# Next Kolomoki Society artifact show



## Son (Jan 26, 2011)

Will be held in Chiefland Florida Febuary 5, 2011 at the Tommy Usher Pineland Center, 506 S.W. 4th Place. Contact Drew Davis (VP) at 407 455 4141 or email at floridaflint@gmail.com for information. There might be two tables left, last I heard. The Society can be joined at the show, just see Treasurer Dan Milam. For any other information, you can PM me. It was a great show last year, and it's going to be better this year. Next show will be in Donalsonville Ga, to be announced.
Thanks
Son


----------



## dmedd (Jan 26, 2011)

This is a great show with a great bunch of folks. The artifacts are nice also. Don't miss this one.


----------



## Son (Jan 27, 2011)

Dmedd, looks like we're the only one's here that likes artifact shows.


----------



## Pointpuller (Jan 27, 2011)

I will be attending.  I was there last year and I can tell you it is a good one.  Awesome artifacts on display and alot of locals bringing in artifacts that havent been shown before.  This year I hear there will be 2 well known speakers and 2 flintknapping demonstrations along with an auction.  Cant wait!!!


----------



## dmedd (Jan 27, 2011)

Pointpuller said:


> I will be attending.  I was there last year and I can tell you it is a good one.  Awesome artifacts on display and alot of locals bringing in artifacts that havent been shown before.  This year I hear there will be 2 well known speakers and 2 flintknapping demonstrations along with an auction.  Cant wait!!!

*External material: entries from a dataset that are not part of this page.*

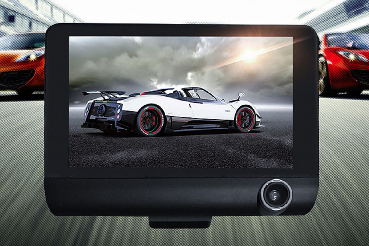 Records the inside of the car and the front of the car at the same time. A large four-inch screen so you can easily playback the video in the car, or you can remove the memory card and play it on any computer.
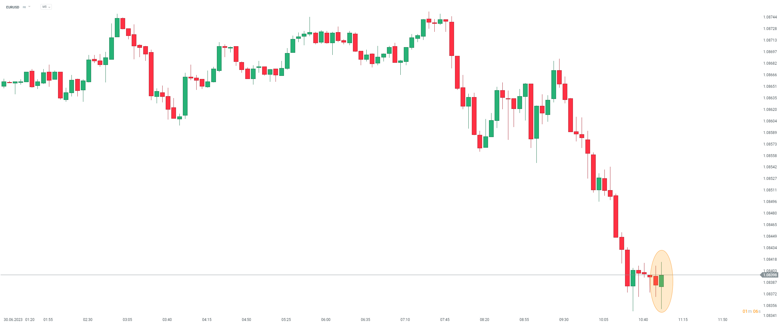 El informe de inflación del IPC de junio para toda la zona del euro se publicó hoy a las 11:00h CEST . Había una sensación de que la lectura podría sorprender al alza después de que las lecturas españolas y alemanas mostraran sorpresas al alza ayer. Sin embargo, el informe real mostró una sorpresa pesimista: el IPC general se desaceleró del 6,1 al 5,5 % interanual en junio, más del 5,6 % interanual esperado. Mientras tanto, el indicador base acelerado por la aceleración fue menor de lo esperado: de 5,3 a 5,4 % interanual. La reacción de los mercados fue bastante moderada: el EURUSD subió, pero la escala de ganancia no superó el 0,05%.
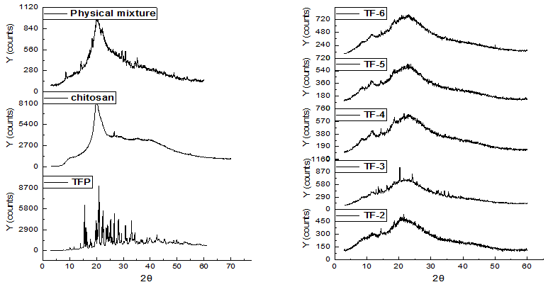 Fig. 4: X-ray diffraction patterns of TFP, chitosan, physical mixture of chitosan-TPP-TFP and spray-dried TFP chitosan microparticles; TF-2 to TF-6
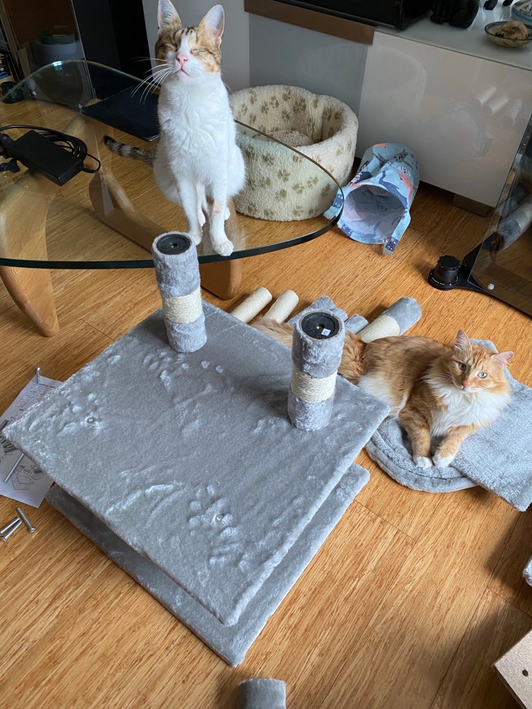 One day a big box arrived, mummy and daddy told us that it’s a present for us, a present how exciting! Well all cats love boxes so we immediately inspected it and course we had fun climbing all over it and giving it a good sniff, we played whose the queen of the box and had a great time, what a fab present 🎁. Then daddy said “no girls, it’s not just the box, there’s something inside for you” oh come on daddy what could be better than a big box to play on? “Well…” daddy said, “mummy and I have been getting your hints Jenny and so we bought you a new cat tree to climb. There’s just one catch, you’ve got to help mummy build it.” A new cat tree! Something new to climb! That gotta be the best present we’ve had in ages and as you all know I’m a great supervisor so helping mummy build it should be easy peasy.
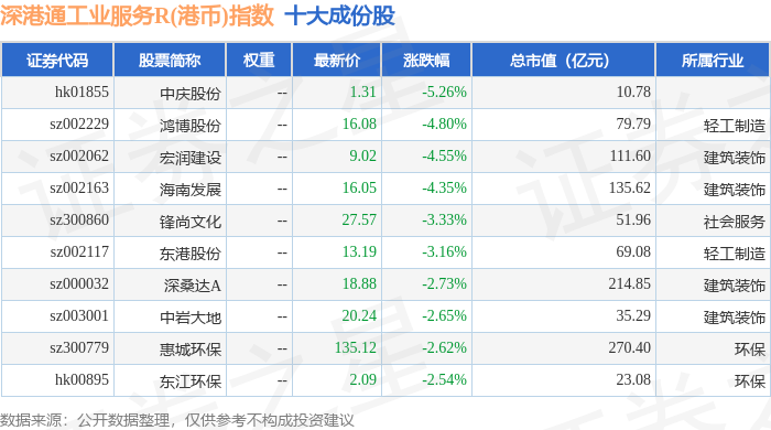 深港通工业服务R(港币)(483056)指数十大成份股详情如下:
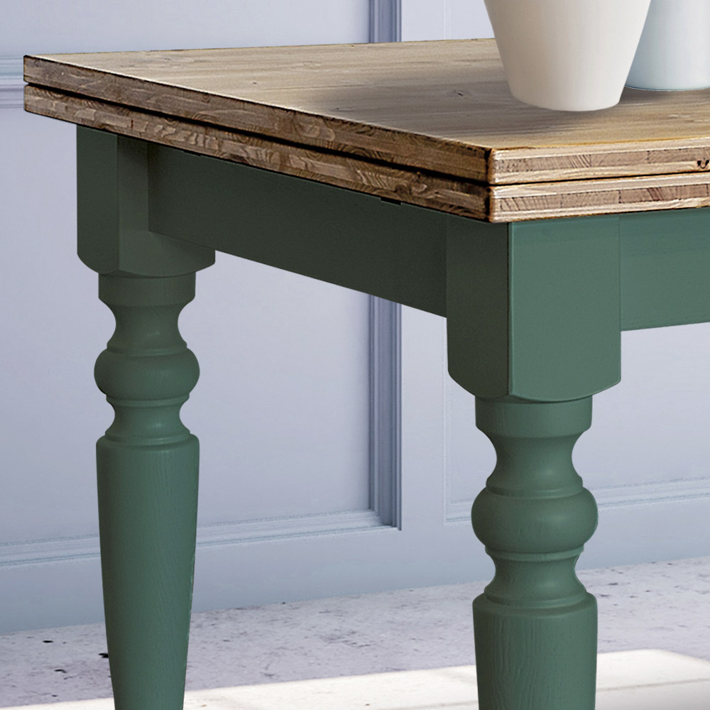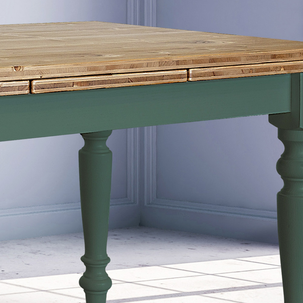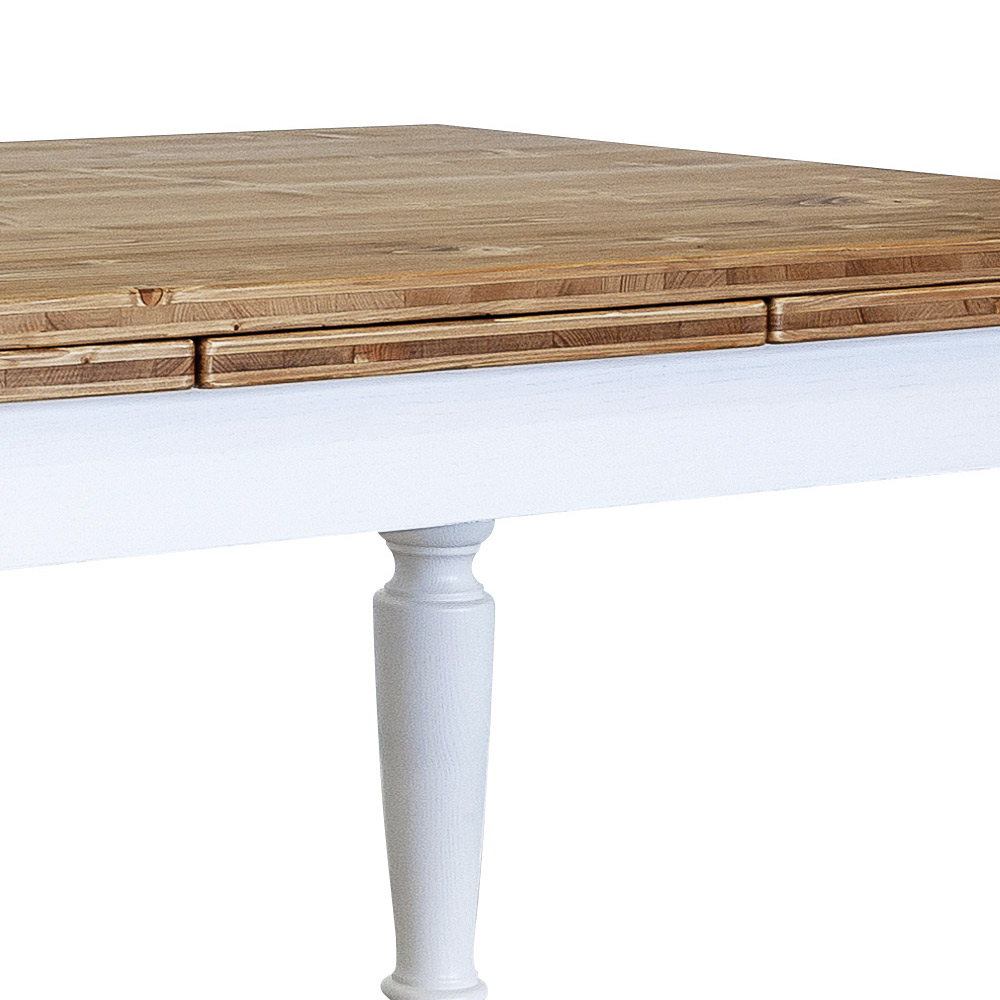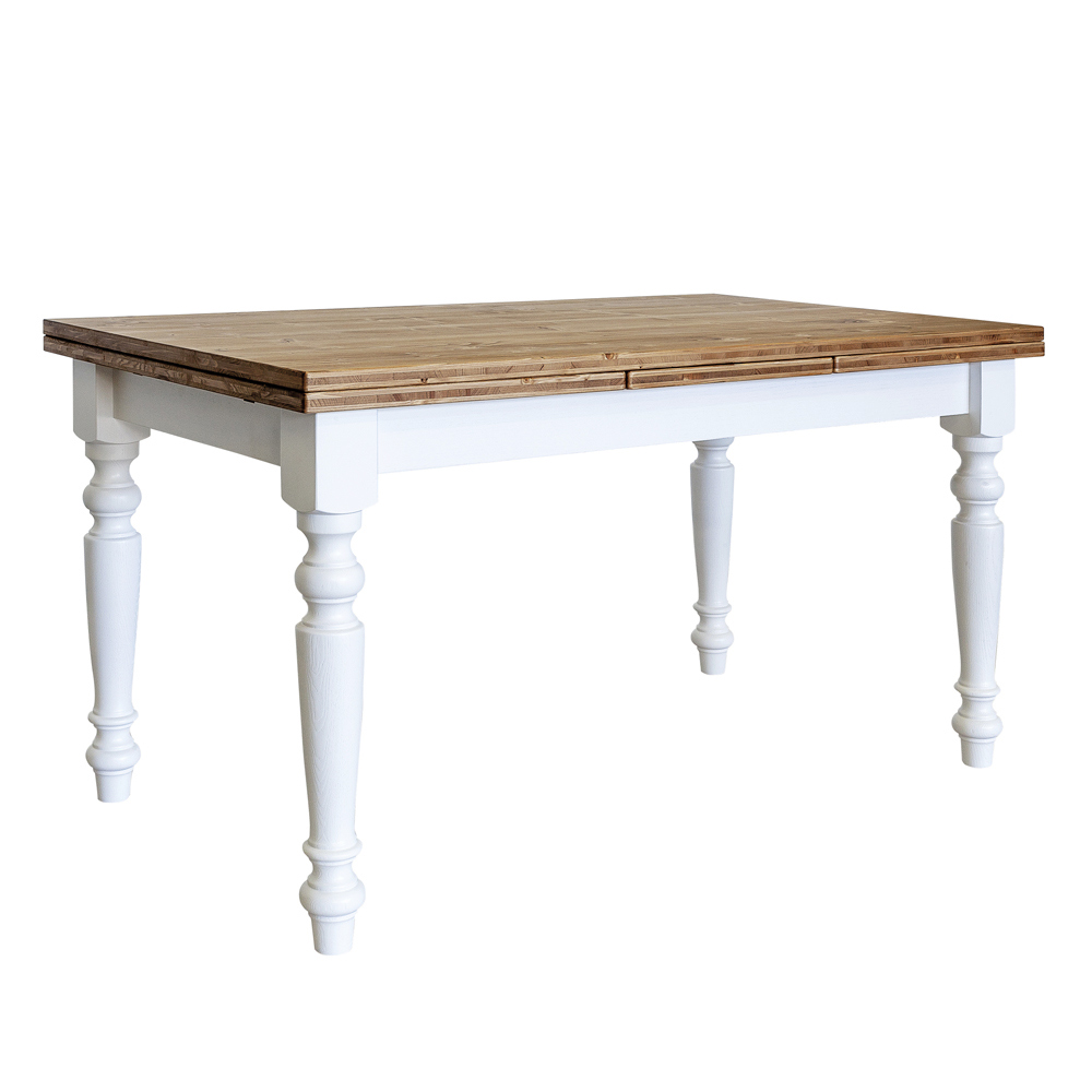 Mesa de salón extensible en abeto nórdico anudado. Las patas están torneadas en madera maciza y conectadas entre sí por una banda de madera maciza . El producto está íntegramente realizado en la Toscana con el uso de materiales de alta calidad y viene con 2 extensiones de 50 cm cada una que lo hacen versátil .

You're bringing the fish dip...right...grandpa?


----------



## Son (Jan 28, 2011)

I forgot about the Grandpa, great to see he's joined the old group.


----------



## TNGIRL (Jan 28, 2011)

Son, those are some mighty fine points!!!!  And you and David aren't the only ones liking them shows.....I'd love to be able to go but got a previous event committed that weekend in Gainesville, GA. Take some pics and post up OK? BTW How you doing? ain't seen you around much...hope all is well!!!!


----------



## Son (Jan 28, 2011)

Doing good, not fast, but i'm wide open. Will take pictures and post em. TNGIRL, are you not on our forum? PM me if not.


----------



## Arrowhead95 (Jan 28, 2011)

Can't wait to go again.

Don't have anything to show but there sure is a lot of fine stuff to see and great people to see again.


----------



## dmedd (Jan 29, 2011)

It's going to be a good time, kind of like a family reunion.


----------



## Son (Jan 29, 2011)

And for members, free admission, free tables and free food. Can't beat that with a stick. The auction will be fun too, can't wait.


----------



## dalton257 (Jan 29, 2011)

cant wait Ill be there. Im looking forward to hearing Dr Purdy speak. I was looking on another website and seen where they had named a uniface after her. Correct me if Im wrong but heard shes gonna speak on the Vero Beach incised mammoth bone. Also Dr. Richard Hulbert, Manager of Vertebrate Paleontology at The University of Florida is supposed to be there as well.


----------



## Son (Jan 30, 2011)

Sounds good Dalton.


----------



## Outboardfanatic (Feb 3, 2011)

I'll be there bright & early. Went last year and had a great time


----------



## Son (Feb 8, 2011)

Dr. Purdy and Drew


----------



## Son (Feb 8, 2011)

Dr. Hulbert and Drew


----------



## Son (Feb 8, 2011)

Danny's x 2  : 






Entrance to show with Drew's crew











Jason's pet  ;D






Big D & his killer point !


----------



## Son (Feb 8, 2011)




----------



## Son (Feb 8, 2011)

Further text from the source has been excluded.